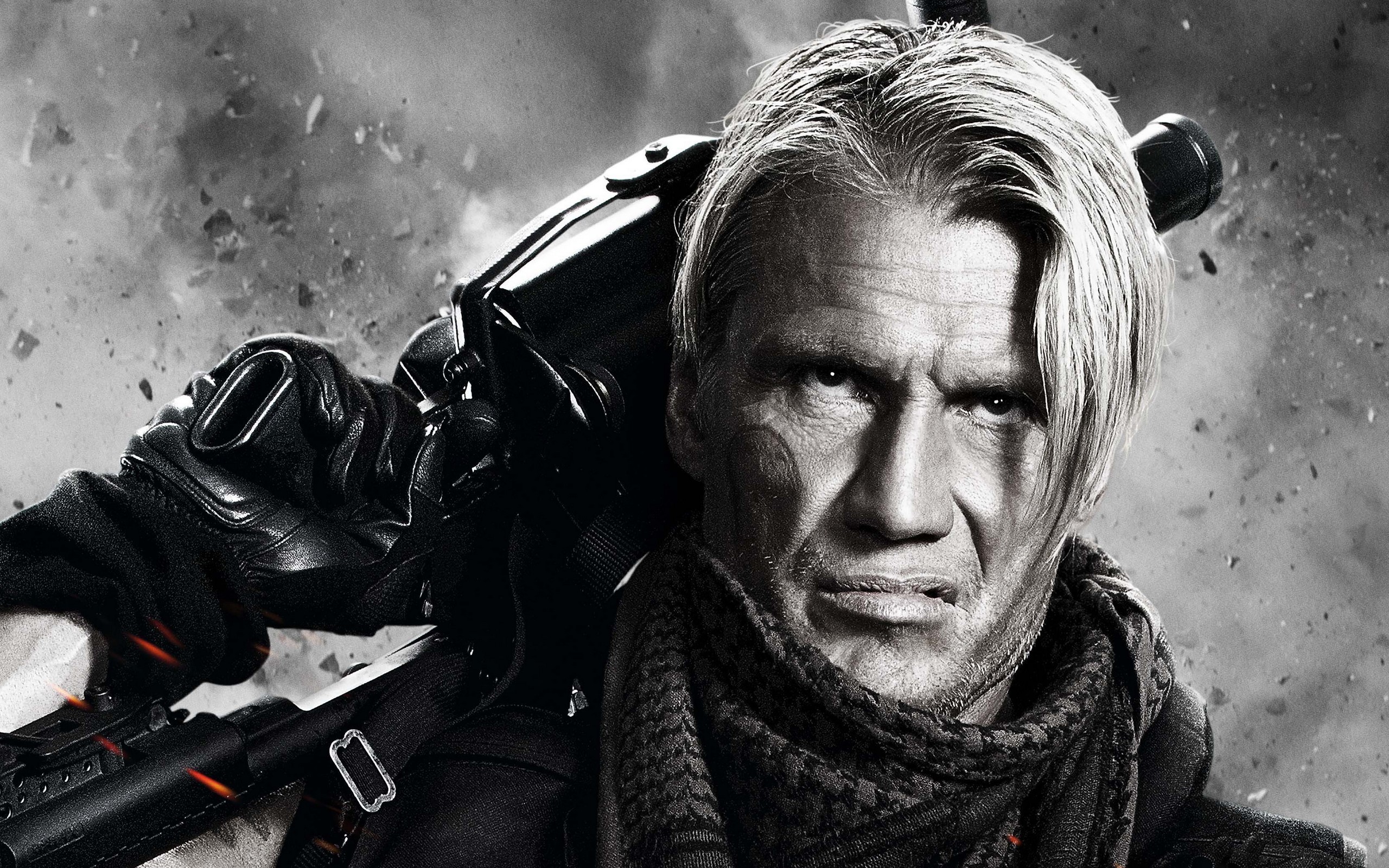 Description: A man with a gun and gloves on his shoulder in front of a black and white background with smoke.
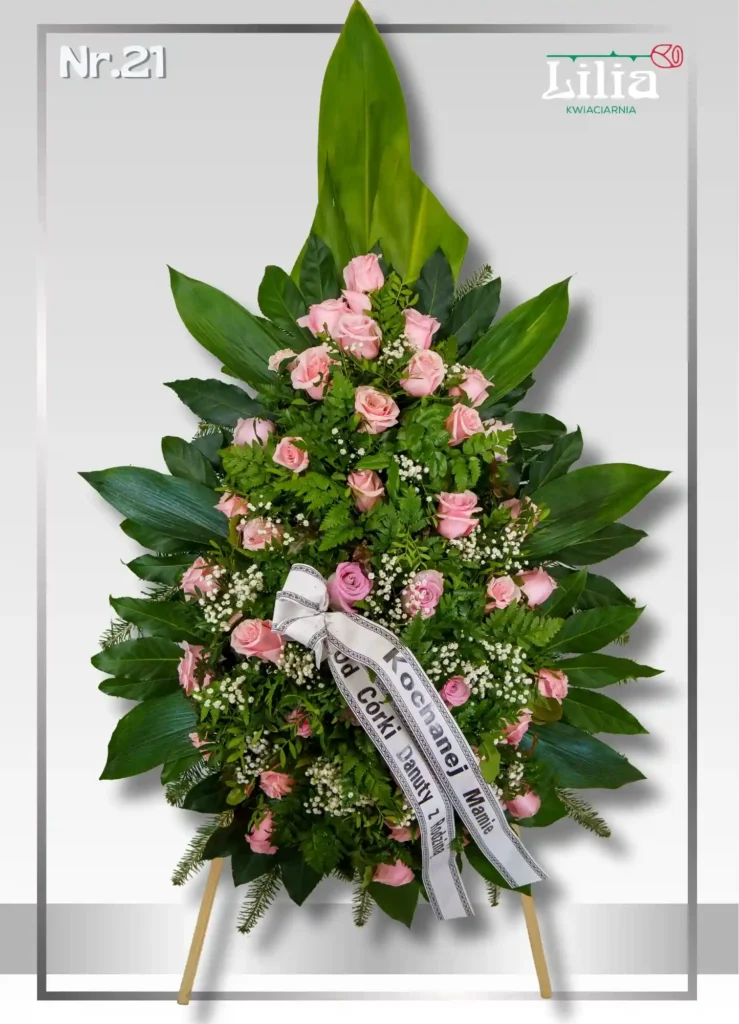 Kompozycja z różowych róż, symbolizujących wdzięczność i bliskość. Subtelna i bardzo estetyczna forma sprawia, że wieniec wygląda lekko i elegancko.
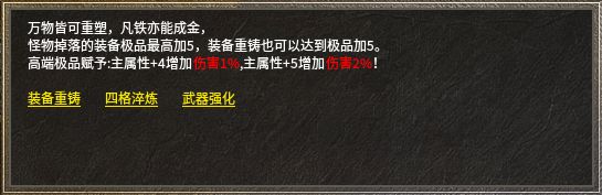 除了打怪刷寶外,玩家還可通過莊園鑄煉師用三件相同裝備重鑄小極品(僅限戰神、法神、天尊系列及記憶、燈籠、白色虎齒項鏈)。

· · · ·

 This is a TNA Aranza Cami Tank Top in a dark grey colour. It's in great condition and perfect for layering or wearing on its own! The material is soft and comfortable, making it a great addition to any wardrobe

· · · ·

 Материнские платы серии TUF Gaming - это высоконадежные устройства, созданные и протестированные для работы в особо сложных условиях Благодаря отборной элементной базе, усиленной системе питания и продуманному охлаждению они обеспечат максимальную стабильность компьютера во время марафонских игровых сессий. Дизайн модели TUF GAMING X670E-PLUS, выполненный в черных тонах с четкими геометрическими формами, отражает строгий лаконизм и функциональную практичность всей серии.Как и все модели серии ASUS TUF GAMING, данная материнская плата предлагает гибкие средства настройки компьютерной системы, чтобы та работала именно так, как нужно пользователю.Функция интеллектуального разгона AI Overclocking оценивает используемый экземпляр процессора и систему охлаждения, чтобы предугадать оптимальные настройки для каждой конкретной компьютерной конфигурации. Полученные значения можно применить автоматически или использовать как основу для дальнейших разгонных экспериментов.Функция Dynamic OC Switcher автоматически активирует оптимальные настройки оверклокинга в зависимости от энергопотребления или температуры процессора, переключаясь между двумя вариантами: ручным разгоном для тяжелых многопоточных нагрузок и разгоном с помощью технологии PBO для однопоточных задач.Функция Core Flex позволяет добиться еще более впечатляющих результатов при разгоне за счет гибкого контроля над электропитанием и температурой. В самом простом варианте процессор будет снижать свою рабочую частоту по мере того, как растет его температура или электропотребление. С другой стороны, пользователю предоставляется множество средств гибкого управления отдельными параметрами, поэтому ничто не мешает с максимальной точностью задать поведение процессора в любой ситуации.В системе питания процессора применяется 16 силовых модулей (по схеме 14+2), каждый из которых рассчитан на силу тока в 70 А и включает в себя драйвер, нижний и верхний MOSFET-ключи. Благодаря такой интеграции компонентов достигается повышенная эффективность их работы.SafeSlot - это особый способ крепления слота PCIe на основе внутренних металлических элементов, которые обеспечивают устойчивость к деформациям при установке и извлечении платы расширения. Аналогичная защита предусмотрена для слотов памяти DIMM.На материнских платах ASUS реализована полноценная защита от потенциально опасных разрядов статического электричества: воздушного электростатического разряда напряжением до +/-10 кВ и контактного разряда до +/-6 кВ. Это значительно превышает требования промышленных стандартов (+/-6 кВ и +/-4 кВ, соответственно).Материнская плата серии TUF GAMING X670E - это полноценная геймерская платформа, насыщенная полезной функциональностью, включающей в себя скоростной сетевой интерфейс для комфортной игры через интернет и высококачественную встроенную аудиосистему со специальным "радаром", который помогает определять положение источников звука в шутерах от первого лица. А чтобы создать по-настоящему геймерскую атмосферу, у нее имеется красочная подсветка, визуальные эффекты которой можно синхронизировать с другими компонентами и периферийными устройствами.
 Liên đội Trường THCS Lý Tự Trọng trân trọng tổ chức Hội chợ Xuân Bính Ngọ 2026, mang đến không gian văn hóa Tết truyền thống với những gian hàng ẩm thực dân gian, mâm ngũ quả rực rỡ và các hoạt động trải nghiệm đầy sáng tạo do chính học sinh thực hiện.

· · · ·

TASK GOAL> Transcribe the lines above exactly, beginning at the one with "Description: A man" and ending at the one with "除了打怪刷寶外,玩家還可通過". Include both; exclude the pictures.

EXERCISE ANSWER>
 Description: A man with a gun and gloves on his shoulder in front of a black and white background with smoke.
 Kompozycja z różowych róż, symbolizujących wdzięczność i bliskość. Subtelna i bardzo estetyczna forma sprawia, że wieniec wygląda lekko i elegancko.
 除了打怪刷寶外,玩家還可通過莊園鑄煉師用三件相同裝備重鑄小極品(僅限戰神、法神、天尊系列及記憶、燈籠、白色虎齒項鏈)。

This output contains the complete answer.